MCP: The “USB-C for AI”
AI models are powerful, but without access to tools they’re like Tony Stark’s suit without Stark Industries. MCP (Model Context Protocol) might be the infrastructure that finally connects them.

Model Context Protocol
Every week in AI there’s a new acronym.
Half of them sound impressive. Most of them disappear.
But MCP (Model Context Protocol) is different.
This one isn’t just another AI feature. It’s infrastructure.
And if you design digital products, this protocol might quietly reshape how AI actually works inside software.
Let’s break it down.
First: The Stark Problem
Imagine Tony Stark builds the Iron Man suit.
It’s fast. It’s powerful. It looks incredible. But there’s one problem…
The helmet can’t connect to:
• Stark Industries databases
• SHIELD satellite systems
• Wakanda’s tech grid
• The Quinjet
Now what? You’ve got a billion-dollar suit…that can’t talk to anything. Shiny. But isolated.
That’s exactly what happens when AI models can’t connect to tools.
They’re powerful, but they’re stuck in their own little world.
The Real Issue with AI Today
Right now, connecting AI to software is messy. Every tool requires a custom integration.
AI → Slack
AI → Figma
AI → Google Drive
AI → internal company systems
Each connection requires:
• custom APIs
• custom permissions
• custom engineering work
Every.

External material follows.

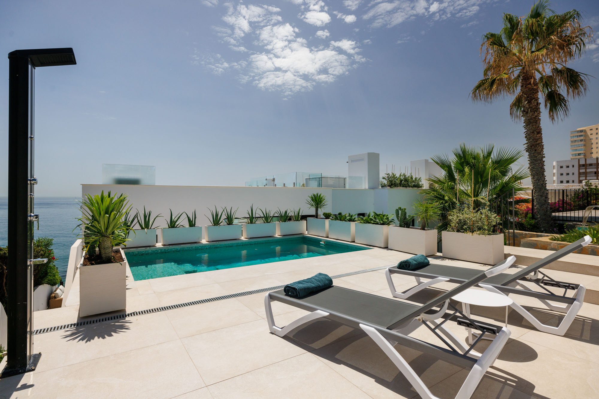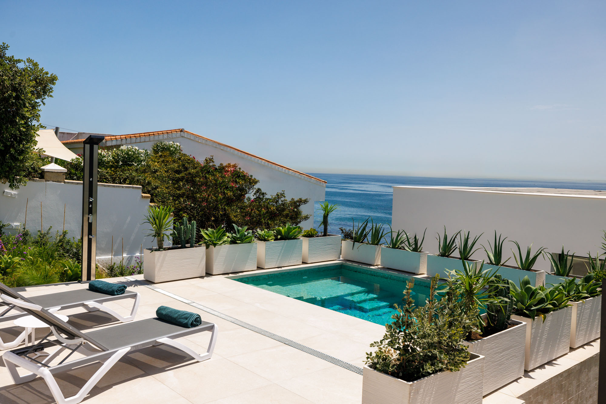 At the entrance of the villa, a tiered garden planted with succulents is also home to the heated private pool, situated on an elevated terrace and furnished with sun beds.
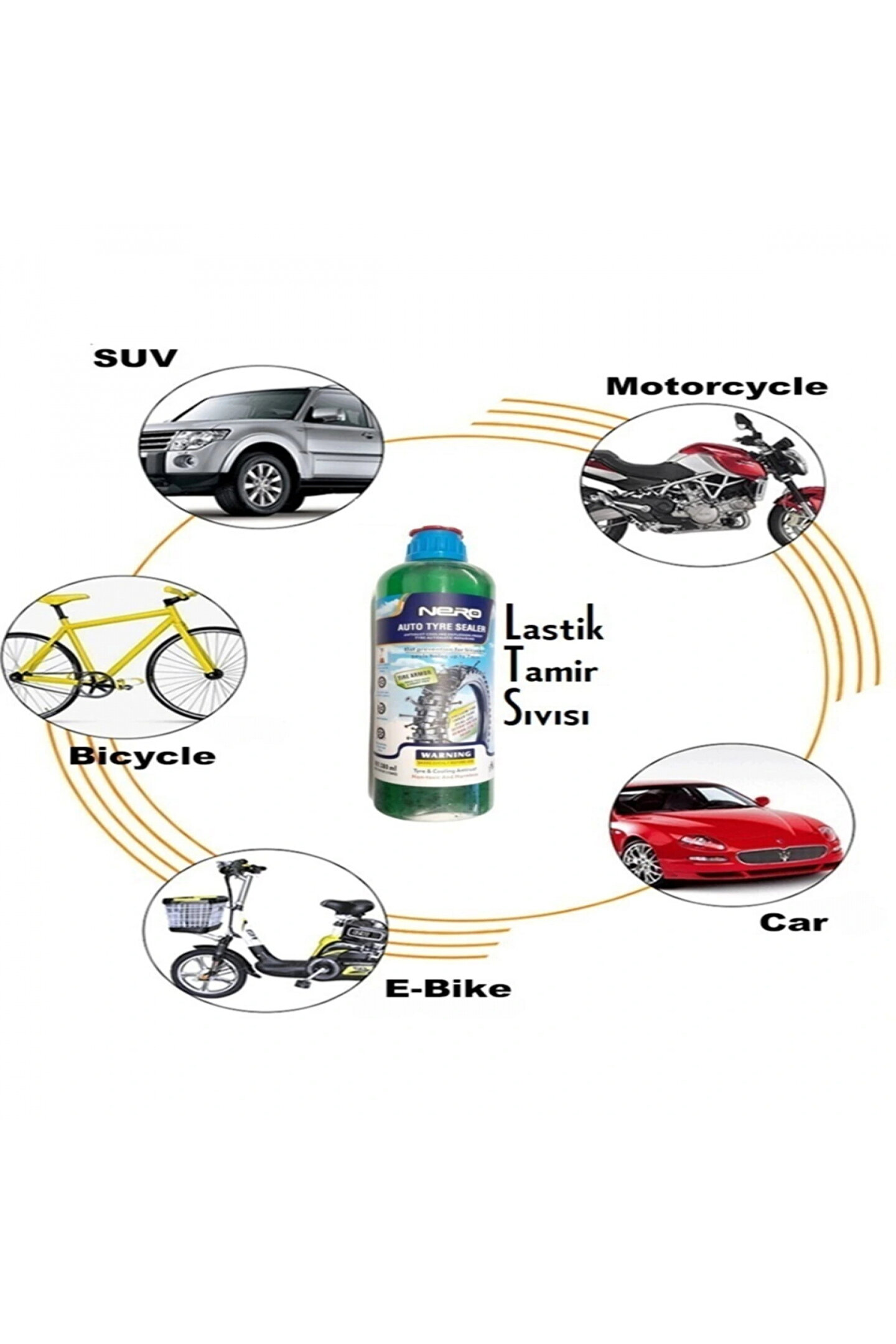 Lastik Tamir Kiti, Lastik Tamir Sıvısı 500 mL Her marka model araç Motosiklet Otomobil Bisiklet Kamyon İş makinası İçin uygundur Lastik içine Şişirmeden önce sıkılır

Single. Time.
It’s like rebuilding the Iron Man suit for every new system Stark wants to access. That doesn’t scale.
Enter MCP
MCP stands for Model Context Protocol. Think of it as USB-C for AI.
Instead of building a brand-new connector every time…You build one standard. Then any system that supports that standard can plug in.
Architecture becomes:
AI Model
→ MCP Client
→ MCP Server
→ Tool
Now your AI can securely interact with:
• files
• databases
• dashboards
• APIs
• internal company systems
Without reinventing the wheel every time. Build once. Connect everywhere.
Why This Matters for Product Teams
Most AI conversations focus on models. GPT. Claude. Gemini.
But the real product shift is happening somewhere else. Connected workflows.
MCP unlocks a new kind of product experience. Instead of just answering questions…AI can actually do things.
Imagine saying:
“Pull the latest booking conversion metrics and summarize the drop-off points.”
Instead of responding with theory, the AI could:
Query the analytics database
Pull the funnel data
Analyze the results
Generate a report
All inside your product. No dashboard hopping. No manual queries. Just execution.
The Infrastructure Behind the Hero
Marvel movies focus on the hero.
But the real magic is often the systems behind them.
Jarvis. Stark Industries infrastructure. Satellite systems.
MCP works the same way.
It’s not flashy. It doesn’t make the AI smarter. It makes the AI connected.
And connected systems always win.
Why UX Designers Should Pay Attention
MCP pushes products toward something new: AI-driven operating layers.
Instead of navigating complex dashboards, users will increasingly say:
“Show me…” “Create…” “Update…” “Analyze…”
And the product executes the workflow through AI.
That means designers will start thinking about:
permission systems
AI action transparency
workflow visibility
system guardrails
trust in automation
This isn’t just chat UX. It’s AI orchestrating real product actions.
The Bigger Picture
AI isn’t just about smarter models. It’s about connected systems.
MCP is one of the first real attempts to standardize how those systems talk to each other. Which means the teams that understand it early will design better AI products faster. Not because their AI is smarter. But because their AI can actually do things.
TL;DR
Tony Stark didn’t succeed just because he had a suit.
He won because the suit was connected to an entire ecosystem. MCP is building that ecosystem for AI.
And once the tools connect…Things are about to get interesting.